먼저 아래의 코드를 통해 library 를 importing 함
import torch
import torch.nn as nn
import torch.nn.functional as F
import torch.optim as optim
from torchvision import datasets, transforms
from torch.autograd import Variable
import os
import matplotlib.pyplot as plt
import numpy as np
또한 아래의 코드를 통해 현재의 pytorch 버전에 대해 확인함
torch.__version__
이후 연산할 장치에 대해 선언해야 함
아래와 같이 device를 gpu로 설정함
device = torch.device('cuda' if torch.cuda.is_available() else 'cpu')
torch.manual_seed(2891)
num_gpu = 1
if torch.cuda.device_count() > 1:
num_gpu = torch.cuda.device_count()
print("Let's use", num_gpu, "GPUs!") # 1
print('device', device) # cuda
이후 간단한 MLP (Multi-Layer Perceptron) 모델을 구현함
입력은 MNIST dataset을 사용함
MNIST dataset의 각각의 요소는 (28, 28) 의 shape을 갖고 있기 때문에,
MLP를 통과하기 위해서는 각 요소를 flatten 시켜야 함
즉 reshape 을 사용하여 (28, 28) --> (1, 784)로 변경해야 함
class MnistMLP(nn.Module):
def __init__(self, num_class, drop_prob):
super(MnistMLP, self).__init__()
# input is 28x28
# need for flatten ==> 784
self.dropout = nn.Dropout(p=drop_prob)
self.linear1 = nn.Linear(784, 512)
self.linear2 = nn.Linear(512, 256)
self.linear3 = nn.Linear(256, 10)
self.reduce_layer = nn.Linear(10, num_class)
self.logsoftmax = nn.LogSoftmax(dim=1)
def forward(self, x):
x = x.float()
mlp1 = F.relu(self.linear1(x.view(-1, 784)))
mlp1 = self.dropout(mlp1)
mlp2 = F.relu(self.linear2(mlp1))
mlp2 = self.dropout(mlp2)
mlp3 = F.relu(self.linear3(mlp2))
mlp3 = self.dropout(mlp3)
output = self.reduce_layer(mlp3)
return self.logsoftmax(output)
이후 아래의 코드처럼 모델을 선언하고 gpu에 올림
model = MnistMLP(10, 0.3)
model.to(device)
'''
MnistMLP(
(dropout): Dropout(p=0.3, inplace=False)
(linear1): Linear(in_features=784, out_features=512, bias=True)

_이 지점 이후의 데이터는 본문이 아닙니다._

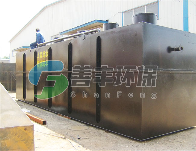 污水由排水系統(tǒng)收集后,進入污水處理站的格柵井,去除顆粒雜物后,進入調(diào)節(jié)池,進行均質(zhì)均量,再經(jīng)液位控制儀傳遞信號,由提升泵送至A級生物接觸氧化池,進行酸化水解和硝化反硝化,降低有機物濃度,去除部分氨氮,然后入流O級生物接觸氧化池進行好氧生化反應(yīng),在此絕大部分有機污染物通過生物氧化、吸附得以降解,出水自流至二沉池進行固液分離后,沉淀池上清液流入消毒池,經(jīng)投加氯片接觸溶解,殺滅水中有害菌種后達標(biāo)外排。由格柵截留下的雜物定期裝入小車傾倒至垃圾場,二沉池中的污泥部分回流至A級生物處理池,另一部分污泥至污泥池進行污泥消化后定期抽吸外運,污泥池上清液回流至調(diào)節(jié)池再處理。

(linear2): Linear(in_features=512, out_features=256, bias=True)
(linear3): Linear(in_features=256, out_features=10, bias=True)
(reduce_layer): Linear(in_features=10, out_features=10, bias=True)

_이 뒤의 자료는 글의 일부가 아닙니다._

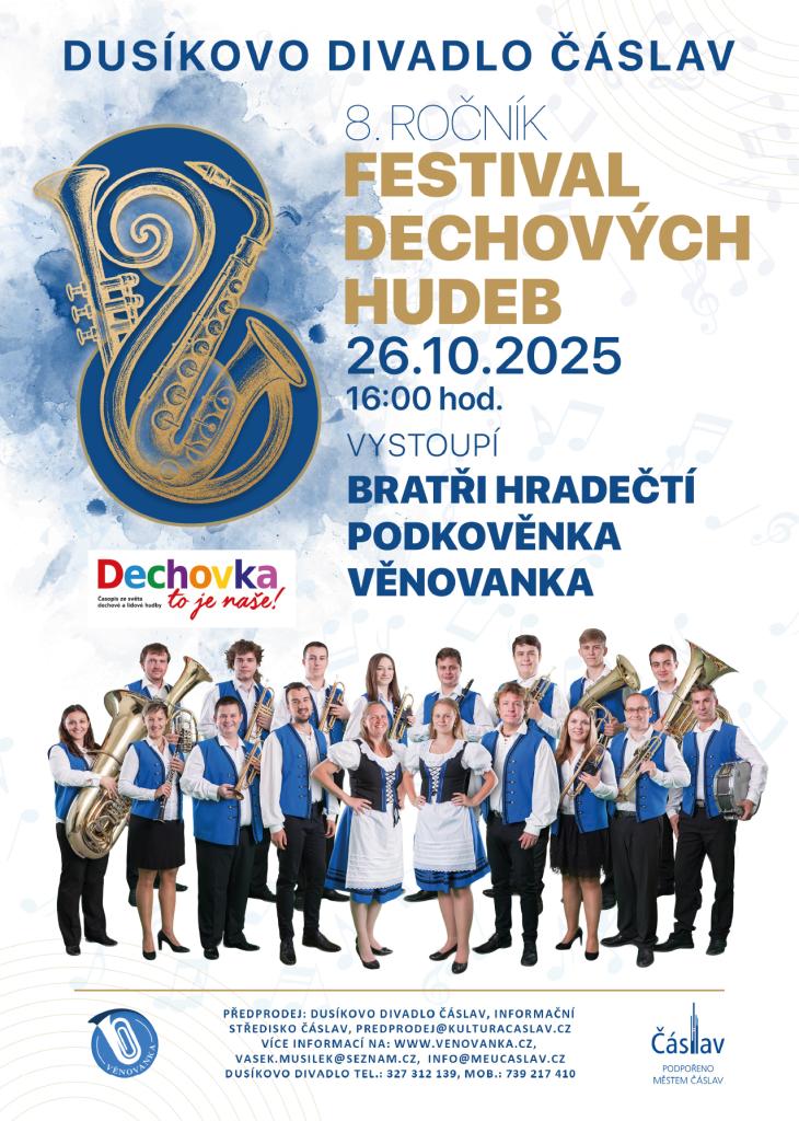 Pozvánka na 8.ročník festivalu DH v Čáslavi. Festival se koná dne 26. října od 16 hodin v Dusíkově divadle v Čáslavi. Na festivalu vystoupí Bratři Hradečtí, Podkověnka a Věnovanka.

(logsoftmax): LogSoftmax(dim=1)
)
'''
MNIST의 class 개수는 10개 이므로, 첫 번째 인자에 10을 넣었고, dropout은 30%확률로 진행
작성한 모델의 매 layer 마다의 shape은 아래를 통해서 확인할 수 있고,
#model shape
for p in model.parameters():
print(p.size())
'''
torch.Size([512, 784])
torch.Size([512])
torch.Size([256, 512])
torch.Size([256])
torch.Size([10, 256])
torch.Size([10])
torch.Size([10, 10])
torch.Size([10])
'''
총 hyperparameter는 아래를 통해 확인 가능함
def count_parameters(model):
return sum(p.numel() for p in model.parameters() if p.requires_grad)

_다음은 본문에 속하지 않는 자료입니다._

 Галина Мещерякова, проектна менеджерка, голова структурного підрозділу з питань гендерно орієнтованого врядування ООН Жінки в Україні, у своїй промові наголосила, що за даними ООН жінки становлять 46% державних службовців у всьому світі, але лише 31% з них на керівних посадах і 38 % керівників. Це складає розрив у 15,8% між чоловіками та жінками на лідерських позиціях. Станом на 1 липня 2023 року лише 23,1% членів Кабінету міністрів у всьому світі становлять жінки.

model_hp = count_parameters(model)
print('model"s hyper parameters', model_hp)
'''
model"s hyper parameters 535928
'''
이제 모델 선언은 끝났고, data를 loading 해야 함
아래의 코드를 통해 MNIST dataset을 다운받고, train 및 test로 분할함
batch_size = 128
train_loader = torch.utils.data.DataLoader(datasets.MNIST('data', train=True, download=True, transform=transforms.ToTensor()),batch_size=batch_size, shuffle=True)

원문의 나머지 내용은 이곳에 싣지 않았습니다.